> **Your objective**: Copy the data precisely, character for character, and leave out every picture.

Stored data entries
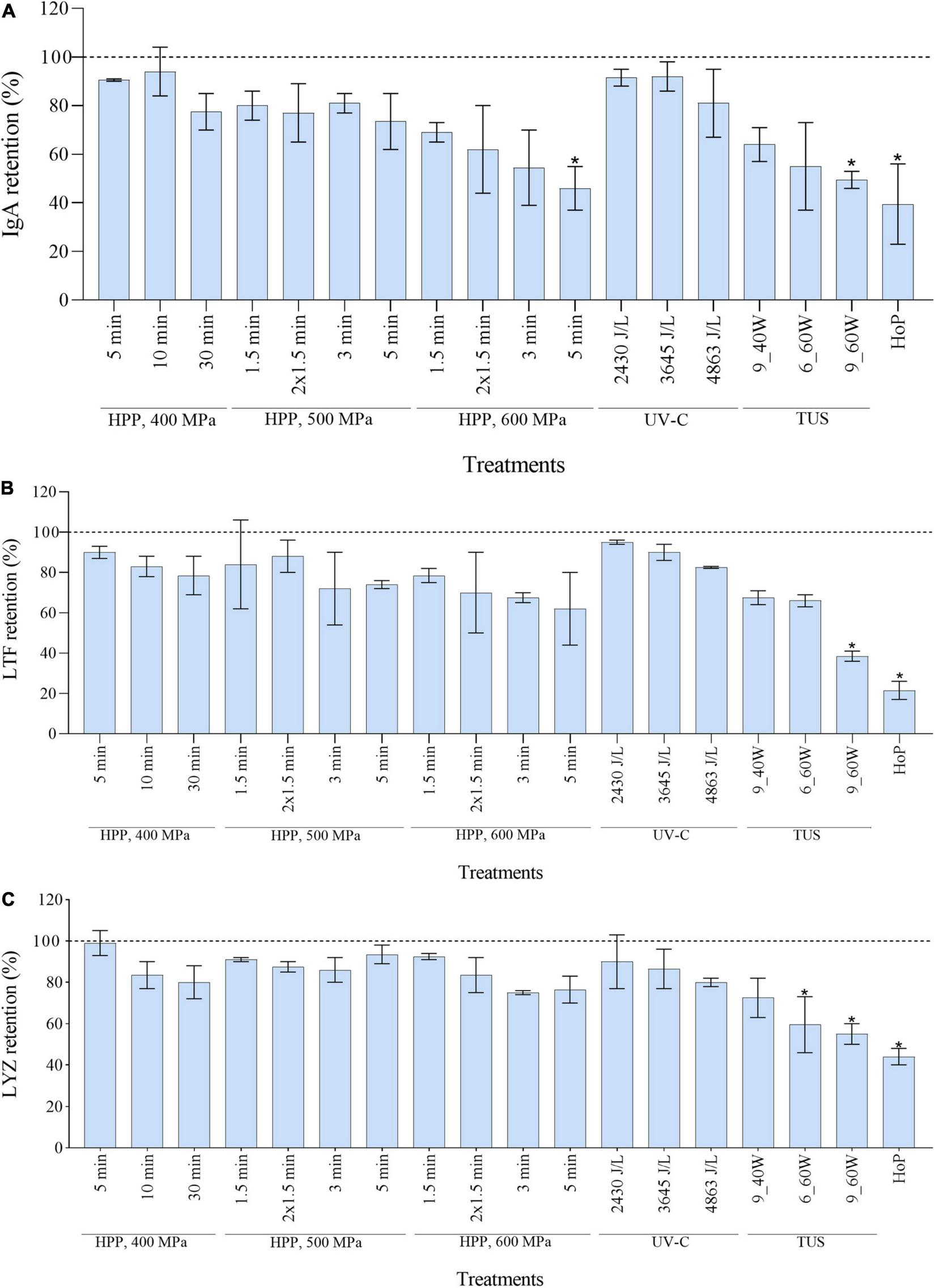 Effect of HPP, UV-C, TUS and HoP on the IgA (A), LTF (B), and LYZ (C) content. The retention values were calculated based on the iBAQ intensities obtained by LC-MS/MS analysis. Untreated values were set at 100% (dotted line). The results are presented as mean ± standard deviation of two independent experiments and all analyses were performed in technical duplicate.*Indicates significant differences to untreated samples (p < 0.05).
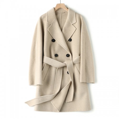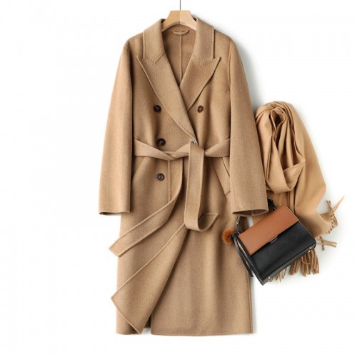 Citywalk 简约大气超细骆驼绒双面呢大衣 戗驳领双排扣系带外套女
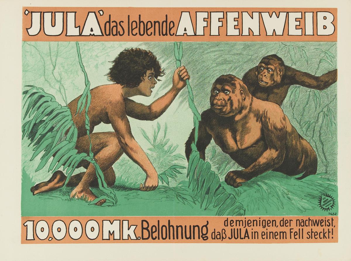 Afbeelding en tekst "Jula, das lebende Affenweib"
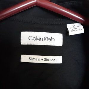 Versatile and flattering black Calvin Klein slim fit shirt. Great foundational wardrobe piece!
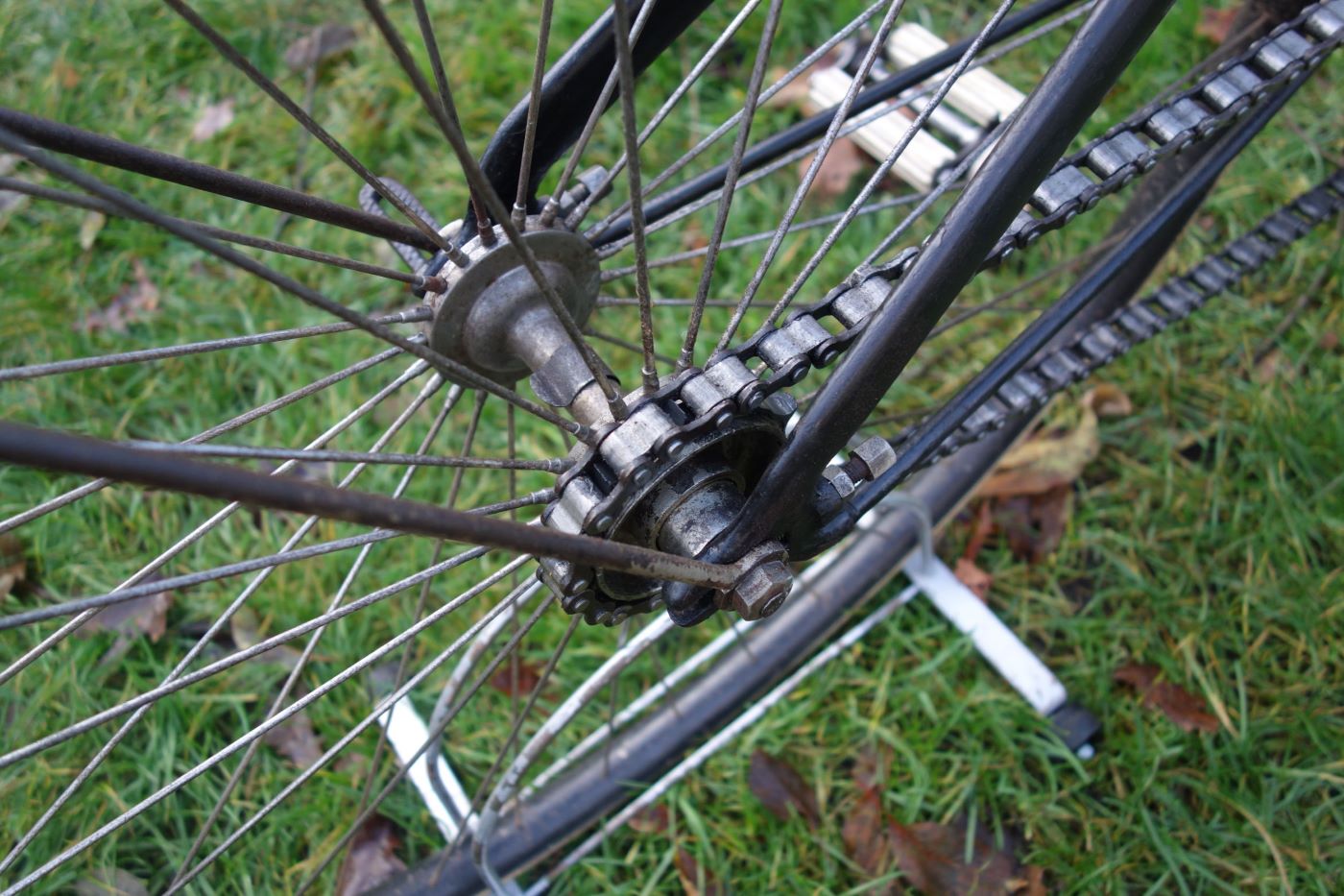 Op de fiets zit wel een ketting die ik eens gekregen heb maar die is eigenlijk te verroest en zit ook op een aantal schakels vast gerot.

> **Expected answer**:
 Effect of HPP, UV-C, TUS and HoP on the IgA (A), LTF (B), and LYZ (C) content. The retention values were calculated based on the iBAQ intensities obtained by LC-MS/MS analysis. Untreated values were set at 100% (dotted line). The results are presented as mean ± standard deviation of two independent experiments and all analyses were performed in technical duplicate.*Indicates significant differences to untreated samples (p < 0.05).
 Citywalk 简约大气超细骆驼绒双面呢大衣 戗驳领双排扣系带外套女
 Afbeelding en tekst "Jula, das lebende Affenweib"
 Versatile and flattering black Calvin Klein slim fit shirt. Great foundational wardrobe piece!
 Op de fiets zit wel een ketting die ik eens gekregen heb maar die is eigenlijk te verroest en zit ook op een aantal schakels vast gerot.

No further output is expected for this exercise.